In futures trading, leverage is a critically important setting. Set it too high and the risk is enormous; set it too low and the returns may feel underwhelming. Register on Binance and download the Binance APP, then let's look at how to adjust leverage.
What Is Leverage?
Simply put, leverage lets you control a larger position with a smaller amount of capital. For example, with 100 USDT and 10x leverage, you're effectively trading with 1,000 USDT.
- If the price goes up 1%, your profit is 10% (10x amplification)

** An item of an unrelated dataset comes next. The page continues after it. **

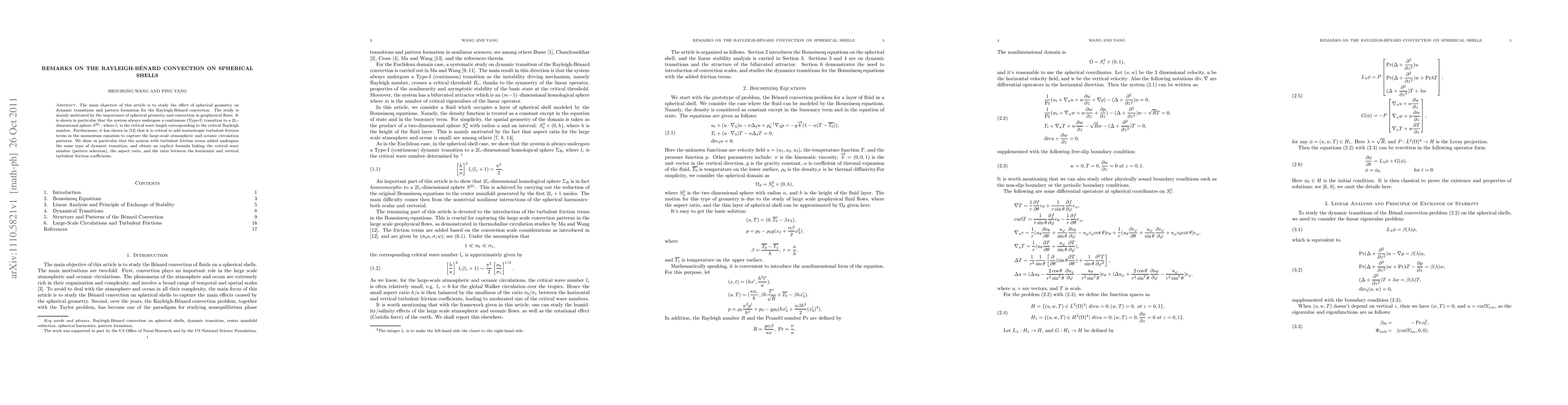 The main objective of this article is to study the effect of spherical geometry on dynamic transitions and pattern formation for the Rayleigh-Benard convection. The study is mainly motivated by the importance of spherical geometry and convection in geophysical flows. It is shown in particular that the system always undergoes a continuous (Type-I) transition to a $2l_c$-dimensional sphere $S^{2lc}$, where lc is the critical wave length corresponding to the critical Rayleigh number. Furthermore, it has shown in [12] that it is critical to add nonisotropic turbulent friction terms in the momentum equation to capture the large-scale atmospheric and oceanic circulation patterns. We show in particular that the system with turbulent friction terms added undergoes the same type of dynamic transition, and obtain an explicit formula linking the critical wave number (pattern selection), the aspect ratio, and the ratio between the horizontal and vertical turbulent friction coefficients.

- But conversely, if the price drops 1%, you also lose 10%
Leverage is a double-edged sword — it amplifies both gains and risks.
How to Adjust Leverage
On the APP
- Open the Binance APP and go to the "Futures" trading page
- Next to the trading pair name, you'll see a button showing the current leverage (e.g., "20x")
- Tap this button
- Drag the slider or type in the multiplier you want
- Tap confirm and you're set
On the Website
The process is similar — on the futures trading interface, click the leverage number, adjust in the popup window, and confirm.
Important Notes
Adjust Before Opening a Position
Set your leverage before opening a position. You can also adjust it with an existing position, but proceed with caution.
Maximum Leverage Varies by Coin
BTC/USDT supports up to 125x, but many smaller coins max out at 20x or 50x. The more mainstream the coin, the higher the available leverage.
Cross vs Isolated Margin Modes
Before adjusting leverage, also consider your margin mode:
- Cross margin: All positions share margin — if one loses, it draws from your other funds
- Isolated margin: Each position has independent margin — if liquidated, only that position's margin is lost
Beginners should use isolated margin mode for better risk control.
What Leverage Should Beginners Use?
Start with Low Leverage
If you're new to futures, start with 2x to 5x. This way, even if you get the direction wrong, you'll have enough room to manage the situation.
Don't Blindly Go High
You might see someone making a fortune with 100x leverage, but you don't see the far greater number of people who got liquidated and lost everything with 100x. High leverage means even the slightest price movement could trigger forced liquidation.
Base It on Your Stop-Loss Range
A sensible approach: first decide how much loss you can tolerate, then work backward to calculate the appropriate leverage. For example, if you can only accept losing 5% of your capital, you shouldn't use more than 10x leverage.
There's no "best" leverage — only the leverage that's "right for you." Controlling risk is far more important than chasing high multipliers.